Door de verhoudign mierenzuur/periodaat te
bepalen kan men dit achterhalen.
B UITVOERING
VOORBEREIDING BLANCO EN ONBEKENDE (assistenten)
• Onbekende oplossing: 5 mL onbekende oplossing + 20mL periodaat
• Blanco oplossing: 5 mL H2O + 20mL periodaat
UITVOERING 2 TITRATIES
1 Na één week pipetteert men 1,00 ml van de onbekende in een erlenmeyer en voegt achtereenvolgens 5,0 ml
10% KI en ±3ml 1 M H2SO4 toe.
- KI zorgt voor vorming I2 1 mol IO4- = 1 mol I2
- H2SO4 dient als katalysator
,2 Titreer het vrijgestelde I2 met Na2S2O3 en enkele druppels zetmeeloplossing in het reactiemengsel. (Reactie 1)
Titreer tot de blauwe/bruinachtige kleur volledig verdwijnt.

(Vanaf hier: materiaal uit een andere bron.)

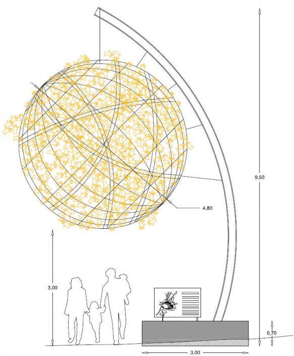 El Sol - Con un diámetro de 4,80m y compuesto de unas 2000 manos de latón, el Sol estará situado en la Rotonda del Árbol Gordo, y Plutón se encontrará a unos 25 kilómetros. Para darte una idea, el diámetro del Sol de la mayoría de los modelos de sistemas solares a escala que puedes encontrar en el mundo gira entre 1 y 2 metros. Los planetas y sus lunas (15 en total) flotarán en unos monolitos compuestos de una base de acero Corten coronada de un cubo de cristal blindado. Cada elemento del sistema estará acompañado de un cartel informativo y una señalética que mostrará donde están los otros elementos del modelo. Los monolitos estarán dotados de un sistema de iluminación interno que permitirá visitar el sistema de noche. |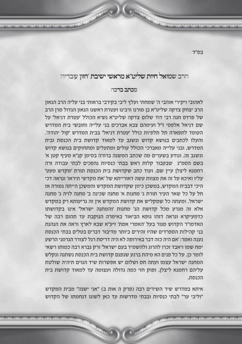 .םש ןייע תושרדמ יתבו תויסנכ יתב ולא " וניתונכשמ וכילשה ןואגה ברה הילע ינב יתוארב יבריקב יביל ץלעו יתחמש 'ה יבהוא יר י קיו יבוהאל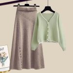 Gentle Korean style suit women's Tea Series wear a set of early winter green sweater coat skirt two-piece set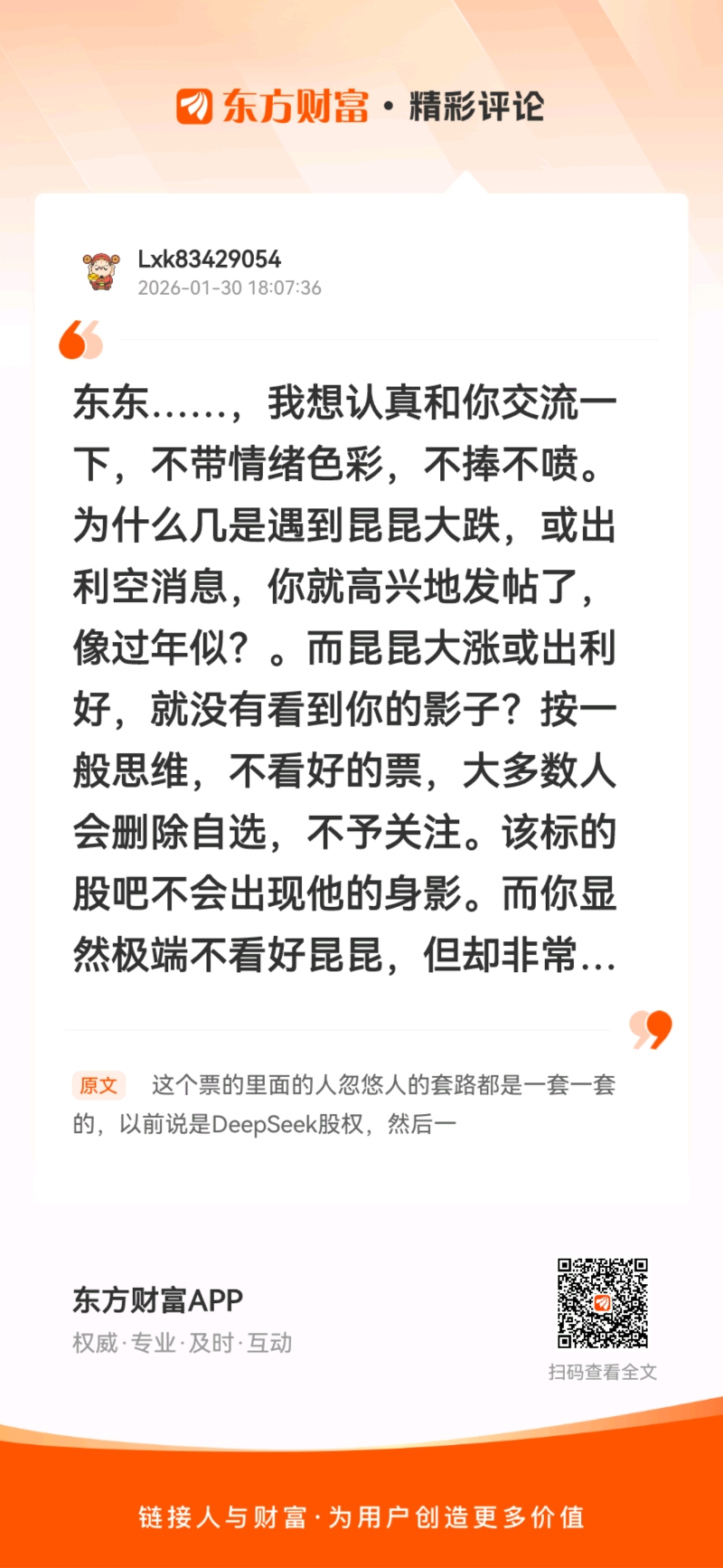 温馨提示: 1.根据《证券法》规定,禁止编造、传播虚假信息或者误导性信息,扰乱证券市场;2.用户在本社区发表的所有资料、言论等仅代表个人观点,与本网站立场无关,不对您构成任何投资建议。用户应基于自己的独立判断,自行决定证券投资并承担相应风险。《东方财富社区管理规定》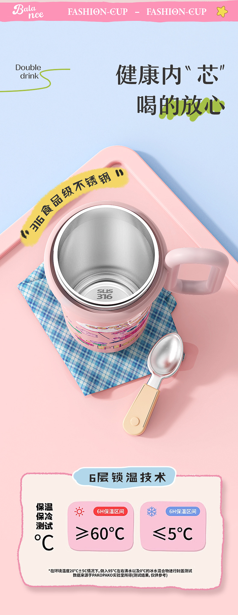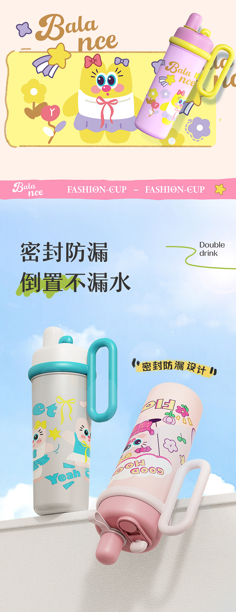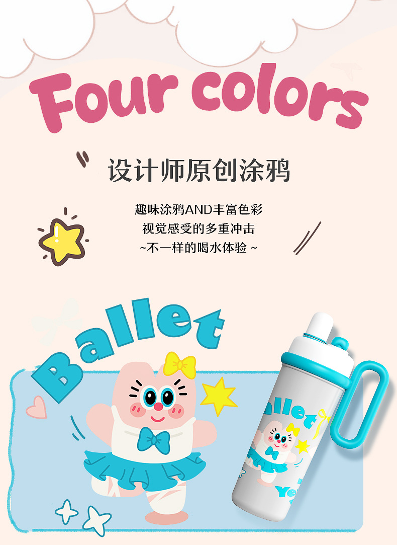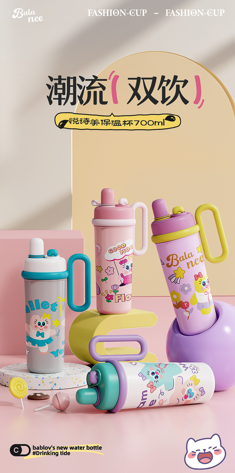 【萌趣食品!级双饮700ML保温杯】新款可爱多大容量水杯 双饮带手柄吸管杯 卡通创意保温杯 316不锈钢食品级保温杯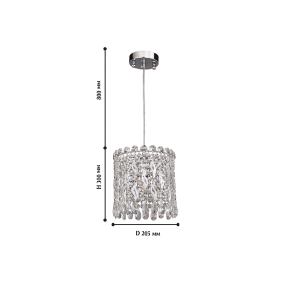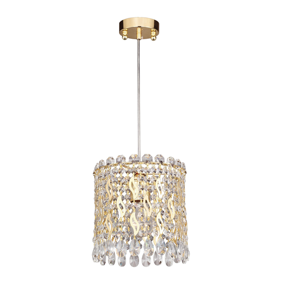 Корпус светильника из металла, покрытый золотой гальваникой,подвески из прозрачного хрусталя высшего качества.Доступен в хроме код- 2049-1P.

-> I2 wordt omgezet in kleurloos I−
-> zodra al het I2 is omgezet, verdwijnt de blauwe/bruinachtige kleur
Herhaal vorige stappen nog een extra 2x met de onbekende en 2x met de blanco oplossing
3 Pipetteer in een tweede erlenmeyer 5,00 ml van de onbekende, en 1,0 ml ethyleenglycol (oplosmiddel)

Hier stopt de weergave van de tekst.